Nice, going to cut it on that band saw? :clap:


----------



## WarnerConstInc. (Jan 30, 2008)

Paulie said:


> Nice, going to cut it on that band saw? :clap:


Well yeah.:laughing:

I cut those templates real quick with the band saw and then screwed them together and tuned them up on my edge sander. 

Got to throw some custom work into the project.


----------



## jb4211 (Jul 13, 2010)

is there a reason you used OSB for the template instead of something smoother like some type of hardboard?

I would think a rogue chip in the OSB might push the router in an unwanted direction.


----------



## WarnerConstInc. (Jan 30, 2008)

It was what I had laying around?:whistling

I didn't feel like buying a sheet of 1/2" mdf. 

It worked just fine, I used the smooth side.:laughing:


----------



## jb4211 (Jul 13, 2010)

I can't wait to see progress pics.


----------



## dkillianjr (Aug 28, 2006)

Looks sweet Darcy! I can't wait to see some more pics. Any time I have used a router on hardwood, which I have only really done once:laughing: 

I cringe waiting to hit a staple or nail. I'm sure you hit some, does the bit just chew right through them?


Dave


----------



## WarnerConstInc. (Jan 30, 2008)

dkillianjr said:


> Looks sweet Darcy! I can't wait to see some more pics. Any time I have used a router on hardwood, which I have only really done once:laughing:
> 
> I cringe waiting to hit a staple or nail. I'm sure you hit some, does the bit just chew right through them?
> 
> ...



I took a bunch of light passes, so I could look for nails.
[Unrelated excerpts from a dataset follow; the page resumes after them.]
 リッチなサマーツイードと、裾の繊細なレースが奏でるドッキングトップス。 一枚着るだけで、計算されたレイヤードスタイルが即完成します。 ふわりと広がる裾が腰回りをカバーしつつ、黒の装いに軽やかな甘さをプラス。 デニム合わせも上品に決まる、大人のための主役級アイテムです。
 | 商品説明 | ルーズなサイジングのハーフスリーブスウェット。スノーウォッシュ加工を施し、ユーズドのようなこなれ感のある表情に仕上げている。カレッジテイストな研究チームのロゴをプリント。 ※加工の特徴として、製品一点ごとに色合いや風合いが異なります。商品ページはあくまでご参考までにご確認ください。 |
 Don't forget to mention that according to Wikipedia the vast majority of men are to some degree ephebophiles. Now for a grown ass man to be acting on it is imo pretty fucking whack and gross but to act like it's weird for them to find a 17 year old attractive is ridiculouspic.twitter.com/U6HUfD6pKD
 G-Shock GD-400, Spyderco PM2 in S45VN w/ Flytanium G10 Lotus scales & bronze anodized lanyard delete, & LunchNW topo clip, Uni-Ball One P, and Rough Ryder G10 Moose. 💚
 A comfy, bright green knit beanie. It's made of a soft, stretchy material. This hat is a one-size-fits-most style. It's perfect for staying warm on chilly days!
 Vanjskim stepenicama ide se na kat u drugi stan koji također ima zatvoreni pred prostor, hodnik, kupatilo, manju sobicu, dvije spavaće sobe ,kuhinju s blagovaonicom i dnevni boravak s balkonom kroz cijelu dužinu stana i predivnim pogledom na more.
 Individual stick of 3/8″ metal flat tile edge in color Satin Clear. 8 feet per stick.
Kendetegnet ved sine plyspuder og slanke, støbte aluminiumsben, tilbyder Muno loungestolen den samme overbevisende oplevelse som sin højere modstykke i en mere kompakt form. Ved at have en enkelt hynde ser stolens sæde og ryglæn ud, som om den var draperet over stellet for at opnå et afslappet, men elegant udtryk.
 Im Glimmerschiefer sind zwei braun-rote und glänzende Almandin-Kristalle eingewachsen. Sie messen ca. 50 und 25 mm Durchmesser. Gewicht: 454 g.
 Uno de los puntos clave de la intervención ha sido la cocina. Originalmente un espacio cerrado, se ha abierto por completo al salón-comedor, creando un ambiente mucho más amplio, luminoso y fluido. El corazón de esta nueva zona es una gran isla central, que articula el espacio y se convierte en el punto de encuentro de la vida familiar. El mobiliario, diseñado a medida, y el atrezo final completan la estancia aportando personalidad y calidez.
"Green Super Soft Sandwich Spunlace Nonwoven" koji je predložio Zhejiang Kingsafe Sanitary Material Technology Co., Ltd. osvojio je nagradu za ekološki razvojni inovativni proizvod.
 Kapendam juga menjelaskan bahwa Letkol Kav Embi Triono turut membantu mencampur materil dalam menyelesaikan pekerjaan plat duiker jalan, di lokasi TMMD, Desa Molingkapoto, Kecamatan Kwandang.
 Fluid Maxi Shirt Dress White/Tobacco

I should have bought a lotto ticket, there was not one nail where I routed it out.:clap:


----------



## chris klee (Feb 5, 2008)

nice curves. i was cutting some arches tuesday with a router.


----------



## dkillianjr (Aug 28, 2006)

WarnerConstInc. said:


> I took a bunch of light passes, so I could look for nails.
> 
> I should have bought a lotto ticket, there was not one nail where I routed it out.:clap:


O ok thats a good idea on making a bunch of passes. Man you are lucky :laughing: 



Dave


----------



## PrecisionFloors (Jan 24, 2006)

Nice lookin work Darcy.


----------



## TNTRenovate (Aug 19, 2010)

Very nice! Love the setup! Also am looking forward to progress pics.


----------



## WarnerConstInc. (Jan 30, 2008)

Laid my full tiles, went and picked up my rough sawn Cherry, went and retrieved my tile saw, went back and did all my cuts except for the radius and closet. 

Cherry is faced on one side, edge joined and in clamps. Customer now wants a cherry diffuser made for the heat duct. Fine, I like money.


----------



## Tom Struble (Mar 2, 2007)

:blink:when i first met you on here i had no idea you were this good


----------



## WarnerConstInc. (Jan 30, 2008)

Tom Struble said:


> :blink:when i first met you on here i had no idea you were this good


The sun shines on every dog's ass.:laughing:


----------



## angus242 (Oct 20, 2007)

Your blurry pics are messing with my new glasses. Did you have the base and shoe installed _before_ tiling?


----------



## WarnerConstInc. (Jan 30, 2008)

angus242 said:


> Your blurry pics are messing with my new glasses. Did you have the base and shoe installed before tiling?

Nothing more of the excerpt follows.